┌──

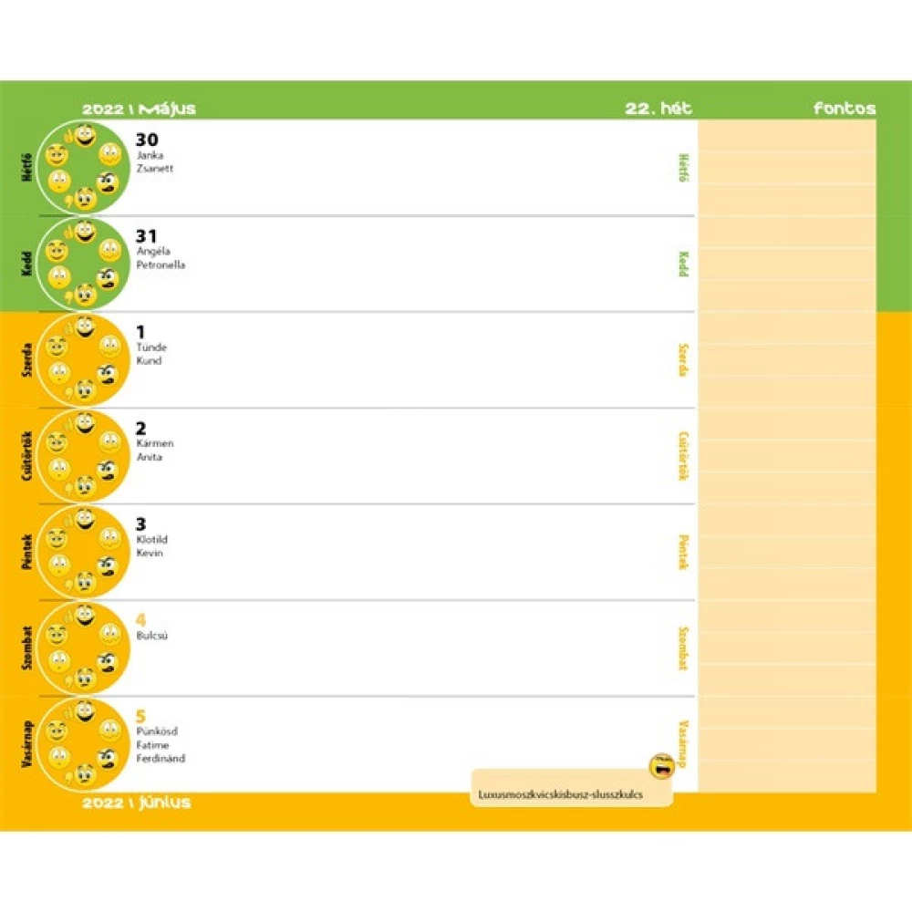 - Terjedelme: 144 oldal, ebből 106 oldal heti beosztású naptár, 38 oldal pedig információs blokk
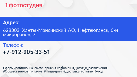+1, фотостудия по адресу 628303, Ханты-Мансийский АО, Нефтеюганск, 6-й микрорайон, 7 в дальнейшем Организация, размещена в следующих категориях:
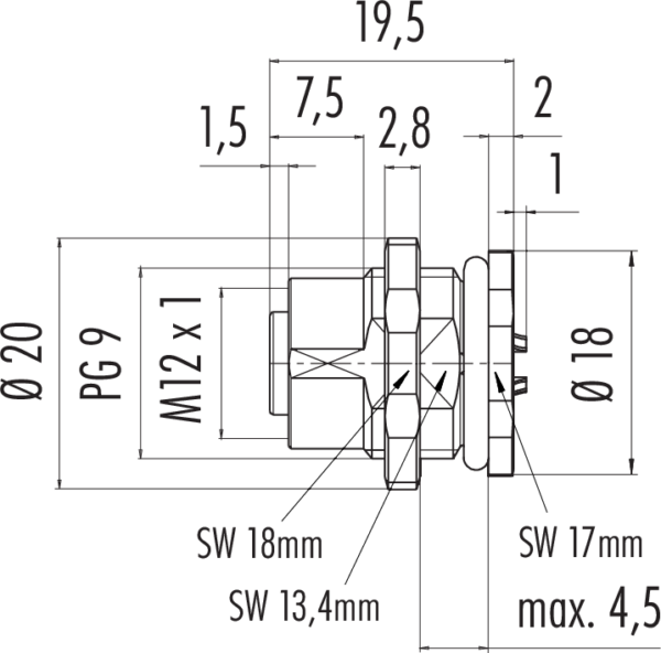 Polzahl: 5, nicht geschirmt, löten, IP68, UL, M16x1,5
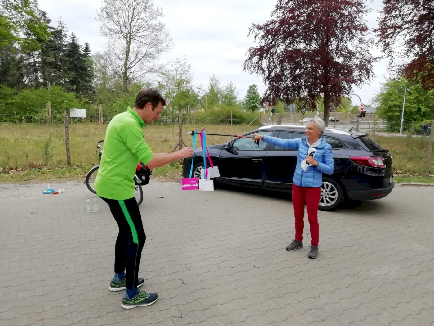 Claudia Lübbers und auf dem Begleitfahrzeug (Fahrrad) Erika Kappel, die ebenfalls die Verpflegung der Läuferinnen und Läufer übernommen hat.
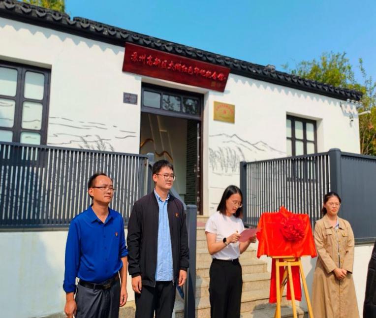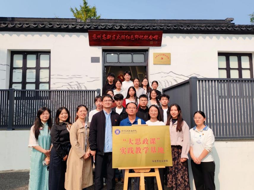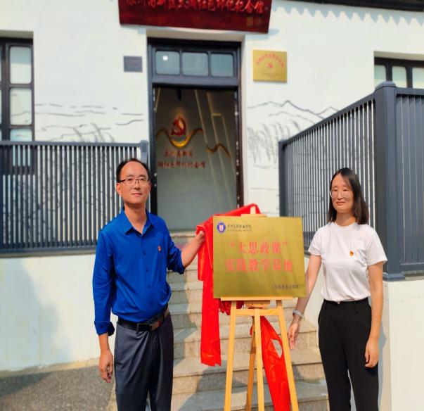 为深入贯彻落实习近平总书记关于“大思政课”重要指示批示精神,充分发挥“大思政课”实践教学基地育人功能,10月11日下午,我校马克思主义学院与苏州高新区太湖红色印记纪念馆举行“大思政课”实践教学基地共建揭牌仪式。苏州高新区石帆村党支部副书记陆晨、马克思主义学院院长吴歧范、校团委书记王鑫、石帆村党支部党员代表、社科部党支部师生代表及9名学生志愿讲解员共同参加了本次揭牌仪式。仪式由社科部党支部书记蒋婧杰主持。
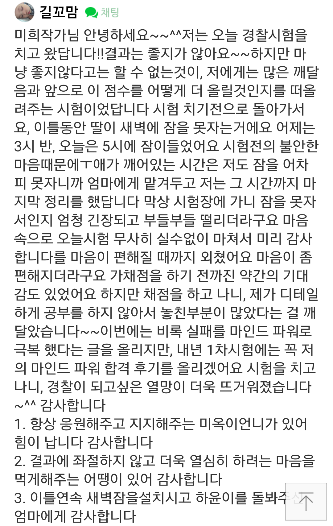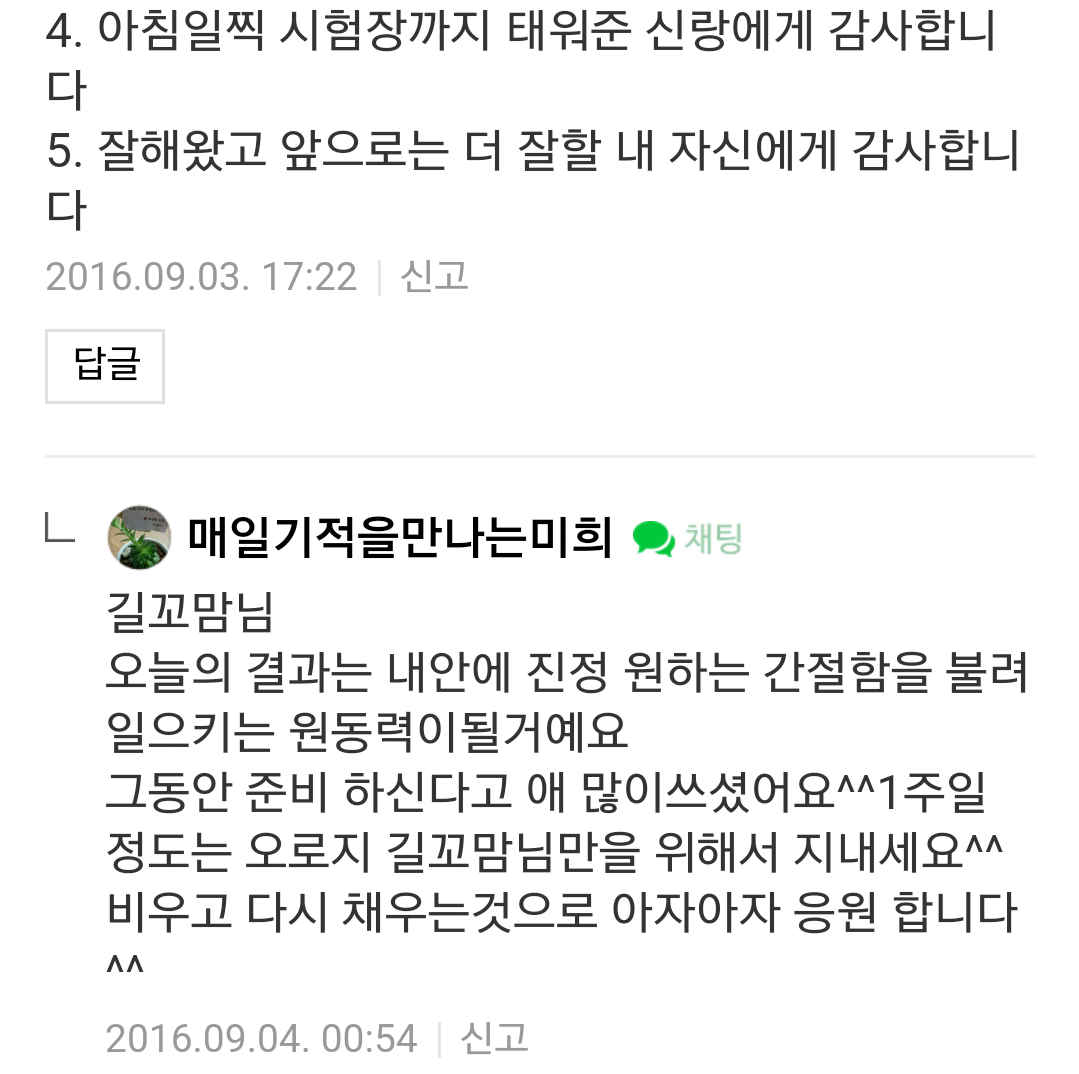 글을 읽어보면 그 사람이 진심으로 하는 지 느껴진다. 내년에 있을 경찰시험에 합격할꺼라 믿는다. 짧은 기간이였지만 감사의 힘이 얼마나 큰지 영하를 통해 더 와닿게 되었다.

└──

Output every record above exactly, leaving out the pictures.

## RESPONSE FOR THIS EXERCISE
 - Terjedelme: 144 oldal, ebből 106 oldal heti beosztású naptár, 38 oldal pedig információs blokk
+1, фотостудия по адресу 628303, Ханты-Мансийский АО, Нефтеюганск, 6-й микрорайон, 7 в дальнейшем Организация, размещена в следующих категориях:
 Polzahl: 5, nicht geschirmt, löten, IP68, UL, M16x1,5
 Claudia Lübbers und auf dem Begleitfahrzeug (Fahrrad) Erika Kappel, die ebenfalls die Verpflegung der Läuferinnen und Läufer übernommen hat.
 为深入贯彻落实习近平总书记关于“大思政课”重要指示批示精神,充分发挥“大思政课”实践教学基地育人功能,10月11日下午,我校马克思主义学院与苏州高新区太湖红色印记纪念馆举行“大思政课”实践教学基地共建揭牌仪式。苏州高新区石帆村党支部副书记陆晨、马克思主义学院院长吴歧范、校团委书记王鑫、石帆村党支部党员代表、社科部党支部师生代表及9名学生志愿讲解员共同参加了本次揭牌仪式。仪式由社科部党支部书记蒋婧杰主持。
 글을 읽어보면 그 사람이 진심으로 하는 지 느껴진다. 내년에 있을 경찰시험에 합격할꺼라 믿는다. 짧은 기간이였지만 감사의 힘이 얼마나 큰지 영하를 통해 더 와닿게 되었다.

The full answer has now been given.